Volume 2, Issue 80: I’m the Man Who Loves You
"Stones to throw and feet that run, but they come back home, make no difference, ever known."
I don’t find athletes interesting. This is a dangerous thing for a professional sportswriter to admit, but I’d be lying if I said it wasn’t true. I’ve spoken to some interesting athletes — Sean Doolittle, Michael Bennett, Jennifer Capriati, Adam Wainwright, Jeremy Lin, among others. But on the whole, athletes aren’t particularly fascinating to me. This is not their fault, or it’s at least less their fault than it is mine. The nature of being an athlete is focusing, at the exclusion of all else, wholly on the task at hand. The outside world is nothing but a distraction, and therefore not worthy of much consideration or reflection. That’s fine: I get it. Being an athlete is hard and requires that level of intense concentration. But as someone who lives in that outside world and considers and reflects upon it quite a bit, that lifestyle doesn’t leave much conversational crossover for us. They’re just the people playing, you know? I’ve always considered my sportswriting to be less about the people who make up our sports than the experience of the sports; what it means, for you and me and everyone else, to watch sports and care about sports and invest so much of our time and effort into them. The players? I’m glad they’re there. They’re fun to watch. But I have a lot more to say about us than I do about them.

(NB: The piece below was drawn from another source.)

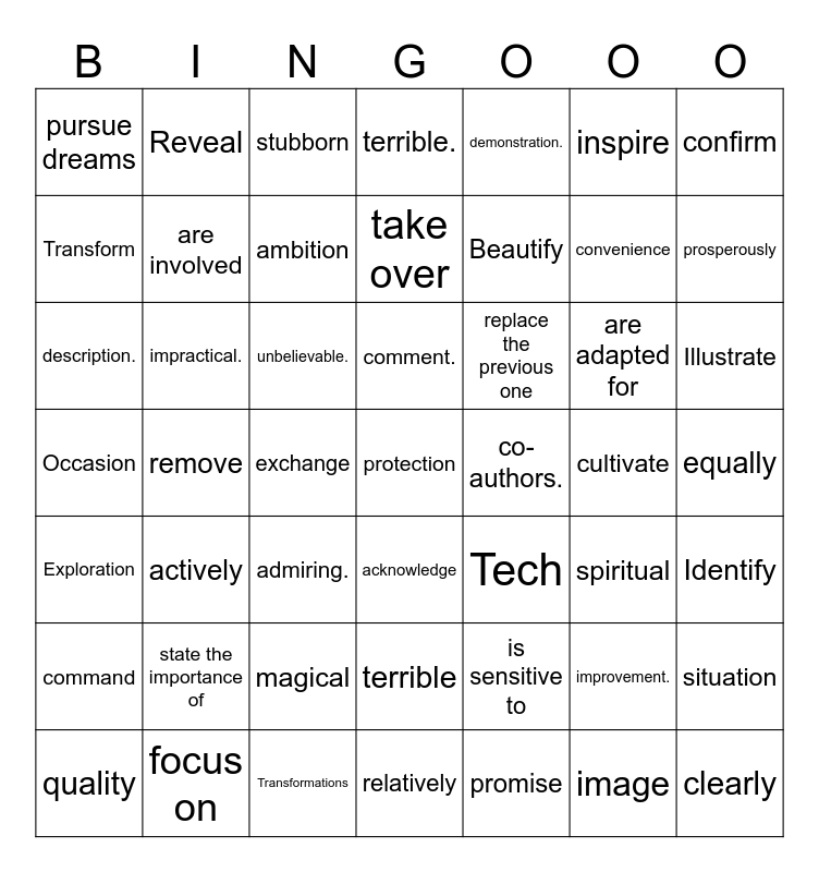 This bingo card has 65 words: Survival skills., Exploration, Ancestors’ hardships, are adapted for, co-authors., focus on, Reveal, diversity, Transform, Transformations, comment., improvement., description., demonstration., artistic skills, inspire, Beautify, pursue dreams, the appearance of, are involved, unbelievable., impractical., terrible., admiring., displays a notification, Identify, Tech, Detects, convenience, state the importance of, Illustrate, is sensitive to, distinguish, praise it highly, replace the previous one, Occasion, situation, take over, exchange, command, confirm, cultivate, prosperously, suspect, relatively, acknowledge, ambition, quality, protection, equally, promise, clearly, grateful, remove, force, apologize, terrible, stubborn, actively, spiritual, magical, willingly, strengthen, image and complexity.

When you combine this with the fact that we know nothing about what our athletes are like in real life—that you never know when your favorite player is going to turn out to be a spouse abuser, or an anti-vaxxer, or a Curt Schilling—I have no real hero worship when it comes to athletes. I don’t want their autographs, I don’t want to take selfies with them, I frankly am more comfortable knowing as little about them as possible. Life is complicated enough without knowing your favorite team’s best player is an asshole. (Honestly, I’d be the world’s worst beat reporter.) I try to get this across to the children who live in this house as well. Do not try to be like Jack Flaherty or Jake Fromm, or think that they are somehow any different or better than you. Your Cardinals fandom and your Georgia fandom belongs to you, kids, not them.
But then there is Rick Ankiel.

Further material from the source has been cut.